▸ **Work instructions**: The answer must be an exact copy of the lines from the one containing "Beverage Cooler with" through the last line of the records, with no pictures.

▸ **Supplied data**:
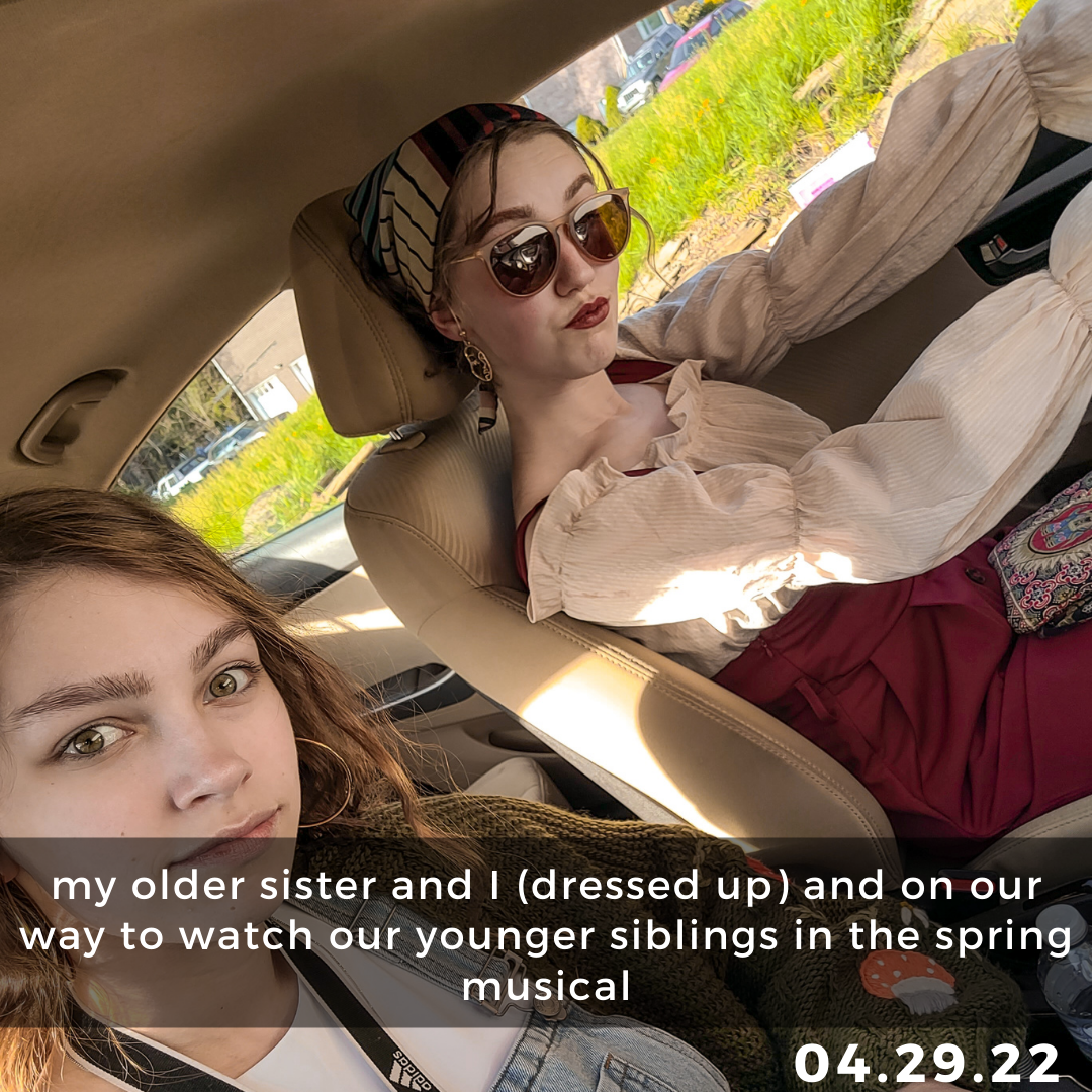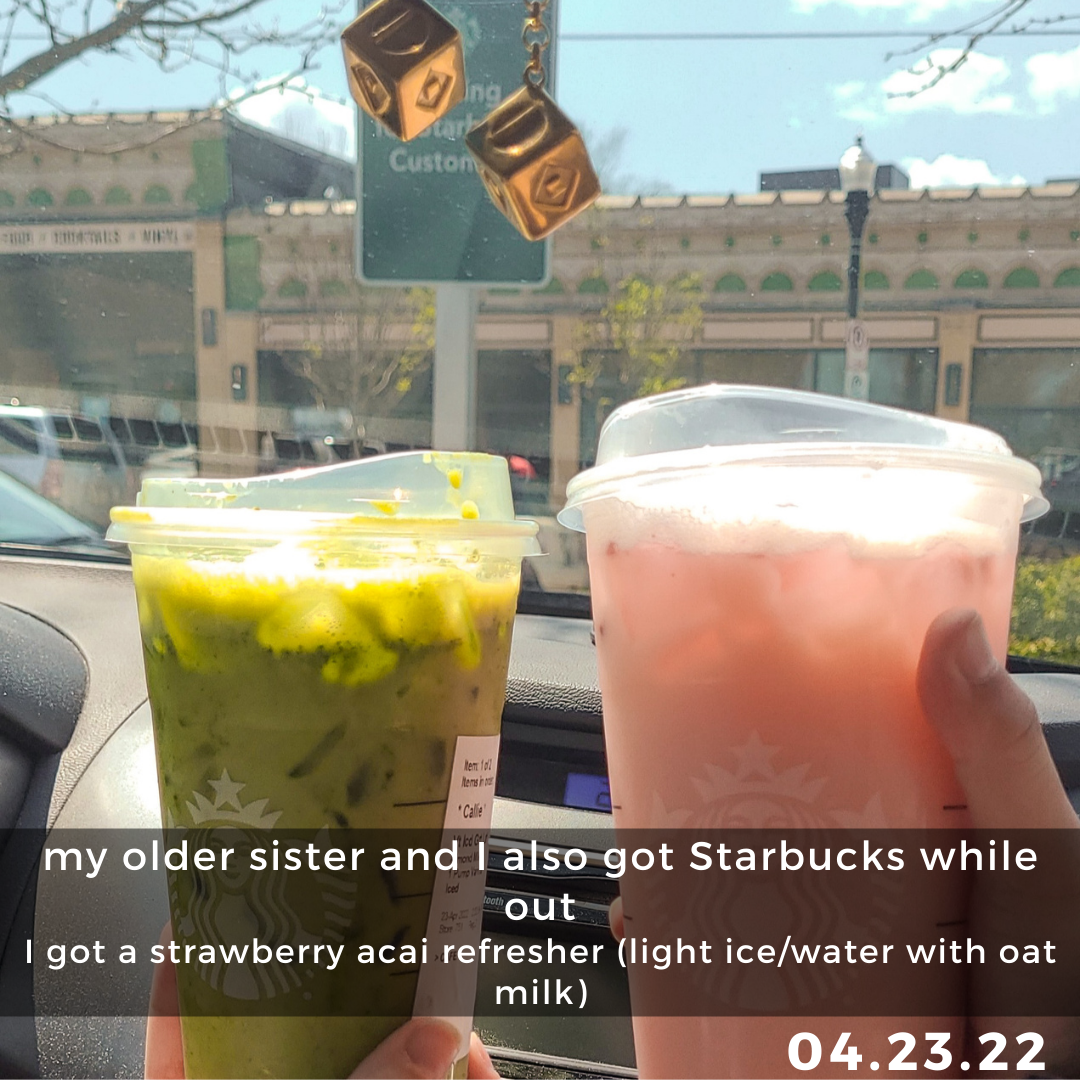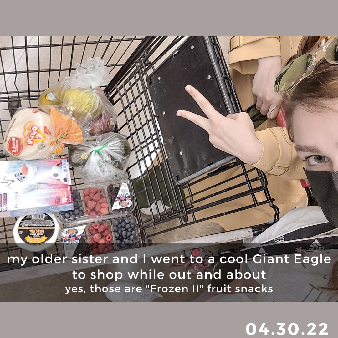 Over the past few weeks, a friend has been mentoring me about social anxiety and overall life. It’s been super helpful, and I enjoy it; however, since my older sister now has her license, she’s been tagging along (‘cuz she’s also my comfort person in social situations). After our chats, the two of us just kinda… explore. We visited a thrift store once, have gone to Starbucks a couple times, and even went grocery shopping at a cool-looking Giant Eagle that was in the area. I just find it so fun. Sadly, I still don’t have my license yet, so it’s not as freeing, but it’s still nice to be able to go places freely when I can.
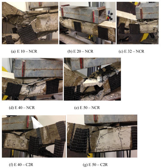 | E 40–NCR | Debonding of CFRP, splitting crack on the unclamped side, crushing of top concrete, and a slight peeling failure of concrete cover. |
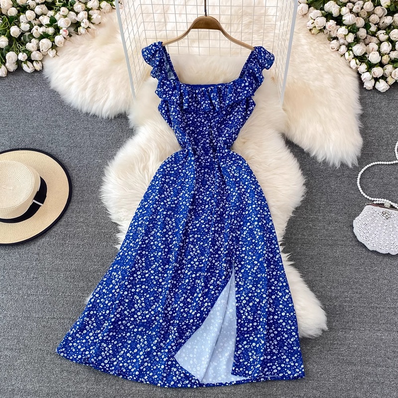 French Retro High Waist Floral Slit Long Skirt Chiffon A Line Dress 1550
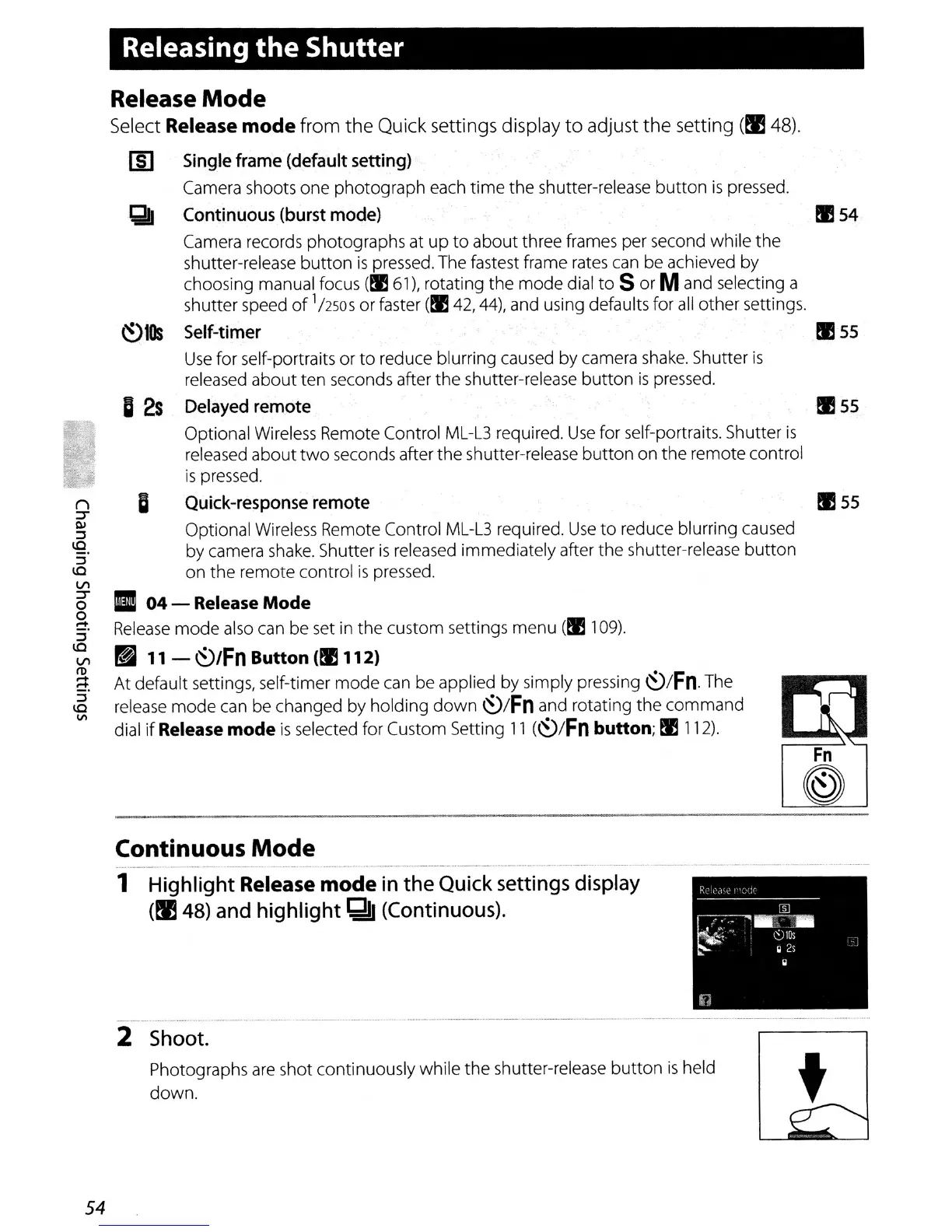 Optional Wireless Remote Control ML-L3 required.
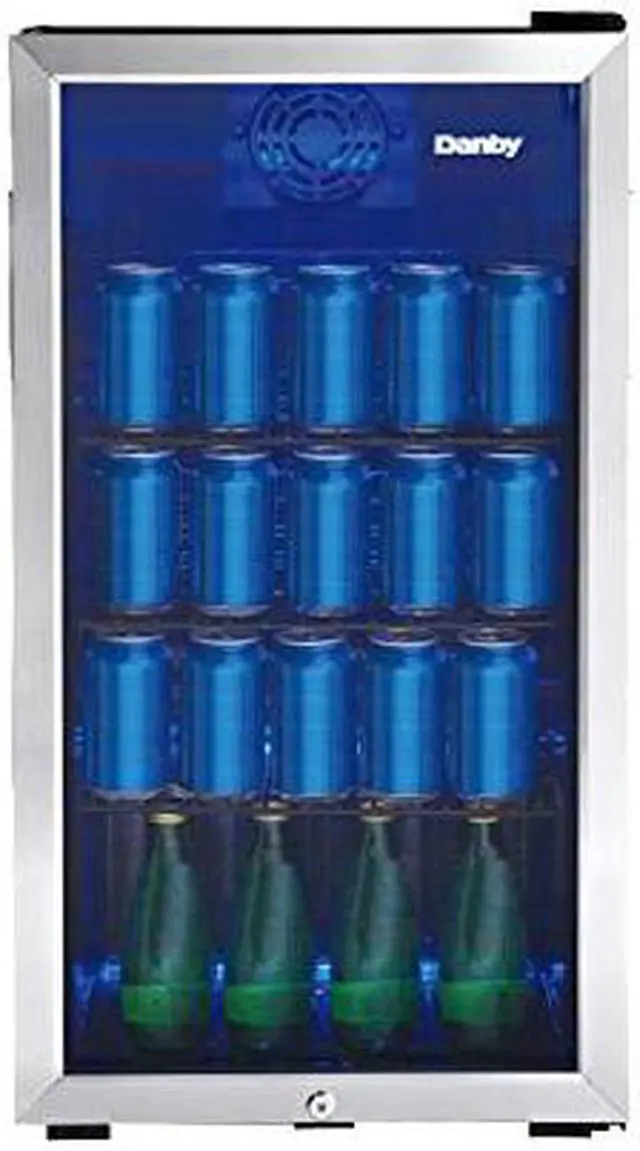 Beverage Cooler with Glass Door: This Danby Beverage Center is the ideal beverage fridge for your wet bar, den, family room, kitchen or basement
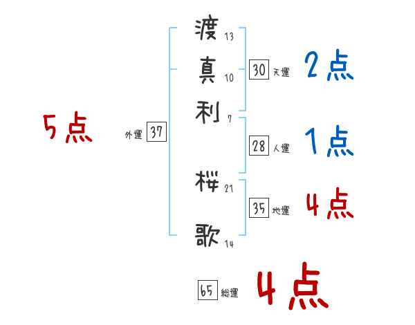 渡真利桜歌さんの画数の鑑定結果

▸ **Written response**:
 Beverage Cooler with Glass Door: This Danby Beverage Center is the ideal beverage fridge for your wet bar, den, family room, kitchen or basement
 渡真利桜歌さんの画数の鑑定結果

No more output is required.